As a nonprofit educational organization devoted to the creation, discovery, and dissemination of knowledge in the ethnographic disciplines, the EVIA Digital Archive Project is committed to complying with all applicable laws regarding intellectual property. EVIA Project holdings are copyright protected and will be accessible through subscription by universities and colleges throughout the world. Individuals not affiliated with an institute of higher education will be able to request access.

Two primary challenges of making EVIA Project materials available online have been insuring that efforts (1) follow ethical considerations and (2) do not break any copyright laws. Both areas are open to interpretation and can present significant roadblocks to research and educational uses. From the beginning of its planning phase, the EVIA Project has consulted with lawyers and experts in ethnographic ethics with the aim of charting a course that addresses these concerns while moving forward.

Ethical considerations are handled primarily by individual depositors, based on (a) their arrangements with their primary consultants regarding consent and permission and (b) their concern for materials they do not wish to make public. While guidelines for ethical ethnographic research behavior have been around for many years, the methods of gathering permissions for recordings have varied widely in the decades since video technology has been employed as part of fieldwork. Many scholars have made video recordings for their own research use but have not considered making the recordings publically available. Indeed, it has been only in the last few years that distribution of video via the Internet has been conceivable. In some cases, EVIA Project depositors reconnect with consultants and obtain the explicit permissions they need. In other cases, the passage of time or the disruption of communities by warfare make it impossible to locate consultants. Depositors must rely in such cases on their relationships with the individuals or communities in question and their understanding of what would be appropriate to make public.

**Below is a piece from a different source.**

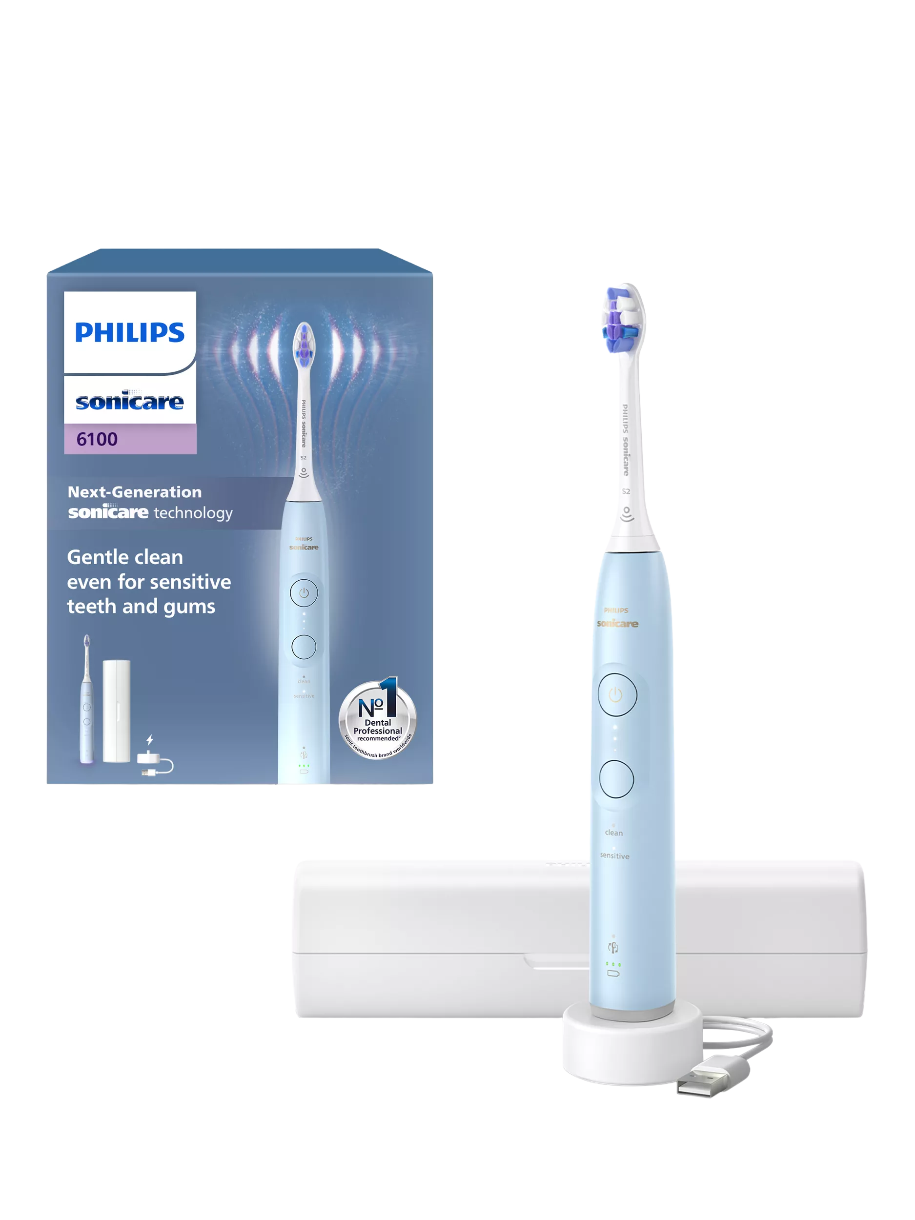 The Philips Sonicare Series 6100 Electric Toothbrush delivers a gentle brushing experience, perfect for sensitive teeth and gums. With the new S2 Sensitive brush head featuring Sonicare's softest bristles, it is specially designed to gently remove up to 10 times more plaque in hard-to-reach areas compared a manual toothbrush*

From a legal viewpoint we must address the issue of providing access to copyrighted materials. Because our use is educational and because we do not foresee having significant negative impact on commercial demand for copyrighted materials that appear in these videos, we are operating under the conditions of Fair Use as described under U.S. copyright law and followed by Berne Convention nations. Legal and ethical issues are addressed in a permissions contract that depositors must accept before their materials can be published online.

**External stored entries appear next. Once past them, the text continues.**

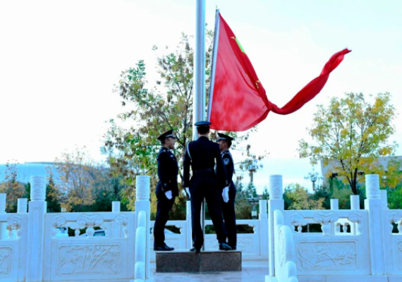迎着清晨的阳光,英姿飒爽的护旗仪仗队员护卫国旗,迈着铿锵的步伐,阔步走向国旗台。伴随着激昂的国歌,鲜艳的五星红旗冉冉升起,全体人员整齐列队,肃穆而立,向国旗行注目礼,以饱满的热情和昂扬的斗志表达对祖国的无限热爱和忠诚。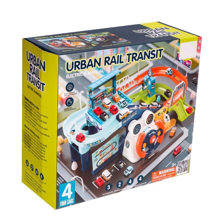 Парковка-автотрек «Город», с 4 машинами, свет и звук, работает от батареек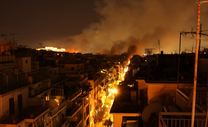 00:07 Ενώ συνεχίζει ο πρωθυπουργός την ομιλία του στη Βουλή, η Αθήνα συνεχίζει να φλέγεται. Τράπεζες και καταστήματα έγιναν στάχτη.

Users must digitally "sign" an End User License Agreement that describes their responsibilities and the restrictions on uses of the material. Furthermore, depositors control which portions of their video recordings may be publically accessed. Because we take the approach of archival preservation, we transfer entire video recordings and not just portions of them. However, many field recordings contain a mix of footage types, and portions may need to be restricted while other parts can be made available. Our solution is to allow depositors through the annotation process to block public access to content segments containing politically, culturally, personally, or religiously sensitive material, or copyrighted material that does not fit within our provisions of Fair Use.